From The Daniel Island News
Marriage: it takes two (a parable)
By Steve Ferber
Aug 14, 2013 - 10:03:53 AM
In honor of the institution of marriage, we offer the following parable, drawing liberally on more than 50 idiomatic pairs (55 to be exact). Enjoy.
They’d had their ups and downs. For the better part of two years, their relationship was touch and go.
He left bright and early for work, she an hour later, first attending to household odds and ends, then dropping the kids at day care before arriving at the office. Traffic, as always, was hit or miss, so when she arrived late she could count on her boss reading her chapter and verse about punctuality, and corporate policy.
She was born and bred in the South, a prim and proper woman who put heart and soul into the marriage. To him, life was more cut and dried. He had some hard and fast rules (a list of do’s and don’ts, if you will), none more important than telling his kids to mind their p’s and q’s.
Year after year he complained about the wear and tear of his job. He knew the ins and outs of his work, and fought tooth and nail to climb the corporate ladder (how else was he going to earn the family’s bread and butter?).
Day after day she encouraged him to leave, to search far and wide for a new position. He was sick and tired of mistreatment at work (not to mention the daily aches and pains), and his displeasure was growing in leaps and bounds. Twice his raise was denied (“just wait and see” his colleagues told him), but he was tired of the non-stop song and dance from management.
At home, she was at his beck and call (“a life on pins and needles,” she once told a friend).

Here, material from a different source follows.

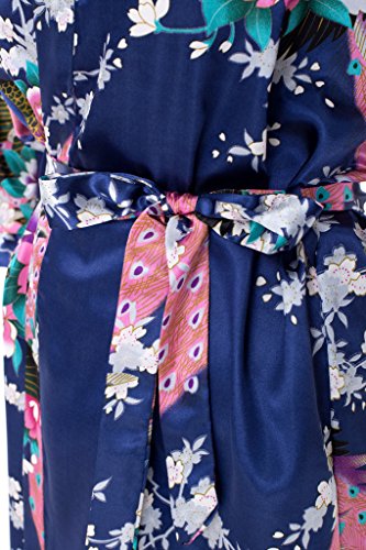 gusuqing Women's Printing Peacock Kimono Robe Short Sleeve Silk Bridal Robe Navy L

But she too was suffering from the hustle and bustle of life. It was time for a change. And money was tight. They’d debate the facts and figures, but rarely saw eye to eye. Now and then they’d agree (e.g., on that new set of pots and pans, for example), but with everything costing an arm and a leg, opportunities to save were few and far between.

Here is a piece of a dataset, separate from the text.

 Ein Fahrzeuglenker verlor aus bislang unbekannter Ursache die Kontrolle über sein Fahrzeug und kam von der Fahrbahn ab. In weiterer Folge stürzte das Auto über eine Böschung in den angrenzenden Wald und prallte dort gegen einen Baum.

Whenever he was down and out, she’d search for that magic elixir. They’d talk through the pros and cons (volleying back and forth), and though her message was short and sweet, his ire grew. Round and round, they went, on and on he complained. He finally shared: “All I really want is a moment of peace and quiet.”
Was life ever fair and square? Rarely, of course, but it was time, she insisted, to stop the ranting and raving. The kids were safe and sound (witness their endless game of hide and seek), and the house was always neat and tidy (she kept everything spic and span). Challenging days, she told him, are part and parcel of life. Greet every day, she urged, as a chance to live and learn.
First and foremost, she reminded him, the family was alive and kicking. Through thick and thin, they had managed to build a life together. Abandon the path? No rhyme or reason to do so. It was time to forgive and forget. Time to yield to the notion that life, in all its glory, is not meant to be free and easy.
Between sink or swim, she told him, it was time to swim.